[英]Python, Pandas - Calculations with referances to other rows
Rather than build a large CVS file completely by hand, I'm trying to build it with some panda magic. 与其完全手动构建一个大型CVS文件,不如尝试使用一些熊猫魔术来构建它。 My current problem is that I'm trying to calculate the cost and creating 'x', and it need 'n' number of 'y' which costs 'z'
我当前的问题是我正在尝试计算成本并创建“ x”,并且它需要“ y”的“ n”个数,而成本为“ z”

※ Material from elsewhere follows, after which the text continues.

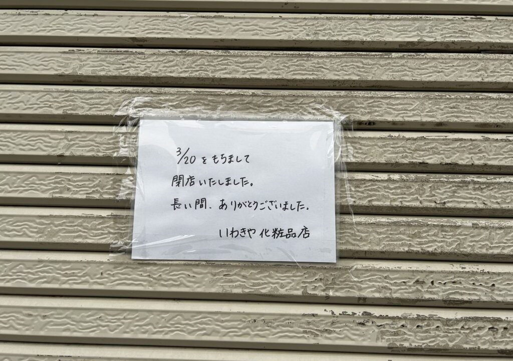 閉店情報 【坂戸市】残念ながら「いわきや 化粧品店 坂戸店」が閉店していました。 まっすー 2026年4月2日 掲載情報は当時のものです。 スポンサーリンク 埼玉マガジンライターのまっすーです。 今回は「いわきや 化粧品店 坂戸店」が、2026年3月20日(金)に閉店していたので情報を共有します。 スポンサーリンク 場所はここ 店名 いわきや 化粧品店 坂戸店 住所 〒350−0214 埼玉県坂戸市千代田1-9-4 最後に 様々なコスメブランドの商品を取り扱っていた「いわきや 化粧品店 坂戸店」。 地域に密着したお店で利用していた方も多いと思います。 閉店となり残念ですね。 最後までご覧いただきありがとうございました。 坂戸市 ABOUT ME まっすー 坂戸市・東松山市・鶴ヶ島市を担当する「まっすー」です。 2025年7月から埼玉マガジンのライターとして活動を開始しました。 坂戸市在住の30代主婦。 皆様に主婦目線の情報を提供していきます。 スポンサーリンク

The current dataframe is structured as Item(x), Price(z), Material(y),MaterialSum(n) 当前数据帧的结构为Item(x),Price(z),Material(y),MaterialSum(n)
The Material is within the data frame as it's own item 物料作为自己的物料位于数据框中
df['Cost'] = (df[df.Item == df['Material']].iloc[0])['Price'] * df['MaterialSum']
I've devised this code to build the cost column, however, it only uses the first row's material throughout the data frame, rather than each rows individual material column. 我已经设计了此代码来构建成本列,但是,它仅在整个数据框中使用第一行的物料,而不是每行使用单独的物料列。 Any tips on how to overcome it?
有什么技巧可以克服吗?
If I understand your problem correctly, this is one solution: 如果我正确理解您的问题,这是一种解决方案:
import pandas as pd, numpy as np
df = pd.DataFrame([[1, np.nan, 'A', 10],
[2, np.nan, 'B', 20],
[3, np.nan, 'C', 30],
[np.nan, 15, 'A', np.nan],
[np.nan, 10, 'B', np.nan],
[np.nan, 20, 'C', np.nan]],
columns = ['Item', 'Price', 'Material', 'MaterialSum'])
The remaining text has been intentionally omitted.